Feature importance result fields include:

  • rank
  • feature
  • importance
  • relative_importance

Choose the Task Type

  • Use classification for categorical targets such as yes/no, risk_level, or species.
  • Use regression for continuous numeric targets such as price, score, or yield.
  • Use auto when the target type is obvious and you want the script to infer it.

Read These Files When Needed

NeedFile
Decision tree method and feature importance detailsreferences/algorithm.md
More CLI examplesreferences/cli-guide.md
Error diagnosisreferences/troubleshooting.md
Main execution entry pointscripts/main.R
Sample test datatests/data/

Test Data

  • tests/data/dt_sample1.csv: CSV classification sample with an unnamed first column automatically recognized as row names.
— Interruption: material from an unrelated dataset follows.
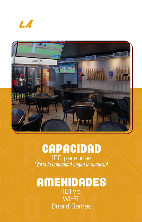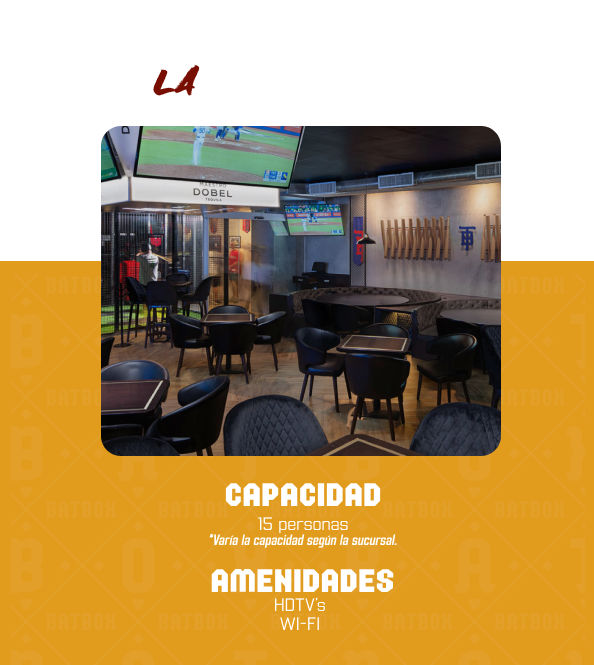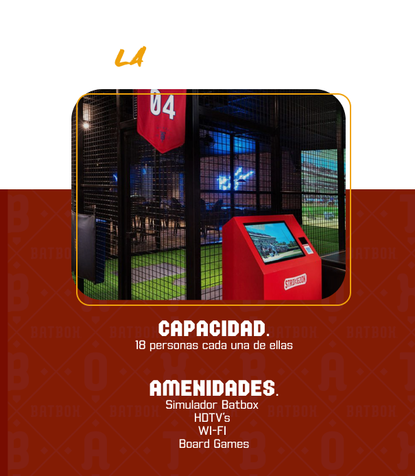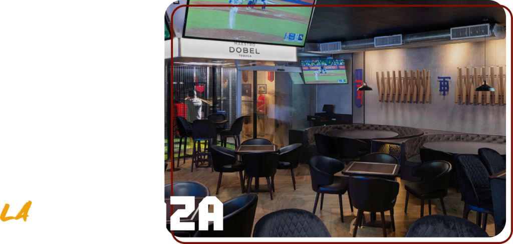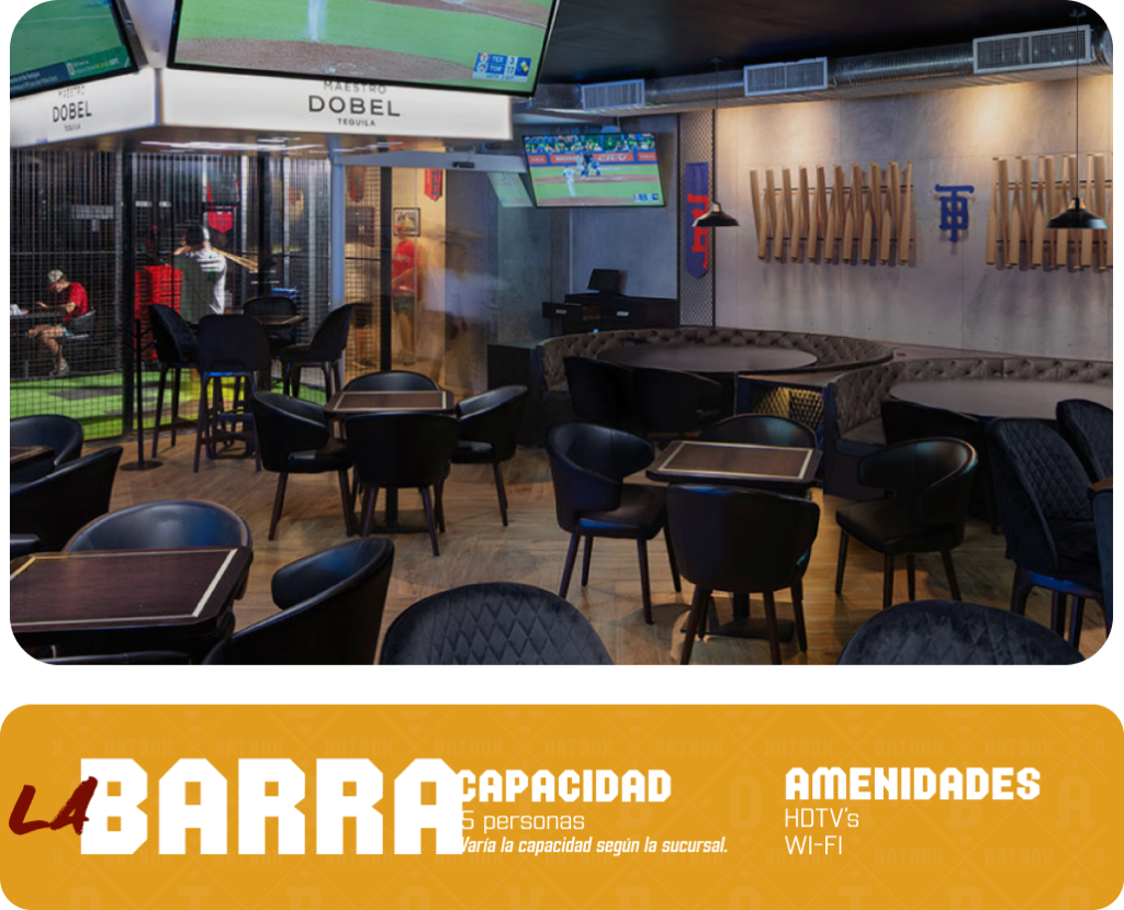 Tenemos una variedad de espacios para que disfruten del evento, contamos con nuestros diferentes simuladores de baseball, donde pueden divertirse, una increible terraza donde disfrutarán de platillos diferentes; dependiendo los que mejor se adapten a gustos y necesidades del cliente.

Suggested target: fustat.
  • tests/data/dt_sample2.csv: CSV classification sample with an unnamed first column automatically recognized as row names. Suggested target: fustat.
  • tests/data/dt_sample3.txt: Tab-delimited high-dimensional classification sample with an unnamed first column automatically recognized as row names. Suggested target: Group.

Quick Examples

Classification:

Rscript scripts/main.R \
  --data_file tests/data/dt_sample1.csv \
  --target_var fustat \
  --task_type classification \
  --max_depth 4 \
  --output_dir tests/output_dt_sample1_classification

Classification on a second CSV sample:

Rscript scripts/main.R \
  --data_file tests/data/dt_sample2.csv \
  --target_var fustat \
  --task_type classification \
  --output_dir tests/output_dt_sample2_classification

TXT input example:

Rscript scripts/main.R \
  --data_file tests/data/dt_sample3.txt \
  --target_var Group \
  --task_type classification \
  --max_depth 4 \
  --output_dir tests/output_dt_sample3_classification

Validation

Rscript scripts/main.R --help
Rscript scripts/main.R \
  --data_file tests/data/dt_sample1.csv \
  --target_var fustat \
  --task_type classification \
  --output_dir tests/validation_dt_sample1
Rscript scripts/main.R \
  --data_file tests/data/dt_sample2.csv \
  --target_var fustat \
  --task_type classification \
  --output_dir tests/validation_dt_sample2
Rscript scripts/main.R \
  --data_file tests/data/dt_sample3.txt \
  --target_var Group \
  --task_type classification \
  --output_dir tests/validation_dt_sample3

After running analysis, verify that the following exist:

  • tests/validation_dt_sample1/table/decision_tree_feature_importance.csv
  • tests/validation_dt_sample1/table/decision_tree_metrics.csv
  • tests/validation_dt_sample1/figure/decision_tree_feature_importance.pdf
  • tests/validation_dt_sample2/table/decision_tree_feature_importance.csv
  • tests/validation_dt_sample2/table/decision_tree_metrics.csv
  • tests/validation_dt_sample2/figure/decision_tree_feature_importance.pdf
  • tests/validation_dt_sample3/table/decision_tree_feature_importance.csv
  • tests/validation_dt_sample3/table/decision_tree_metrics.csv
  • tests/validation_dt_sample3/figure/decision_tree_feature_importance.pdf

Common Errors

  • SKILL_FILE_NOT_FOUND: Input file path is wrong or inaccessible.
  • SKILL_MISSING_COLUMNS: The target column or requested excluded columns are missing.
  • SKILL_INVALID_DATA: Input data is malformed or unsuitable for model training.
  • SKILL_INVALID_PARAMETER: An argument value is invalid.
  • SKILL_INSUFFICIENT_DATA: Too few usable rows or classes remain after filtering.
  • SKILL_DEPENDENCY_MISSING: A required R package such as optparse, data.table, or rpart is unavailable.

If a run succeeds but logs that the decision tree did not split, lower --minsplit and --minbucket or provide more training rows before trusting the ranking output.

If the issue is not obvious, read references/troubleshooting.md.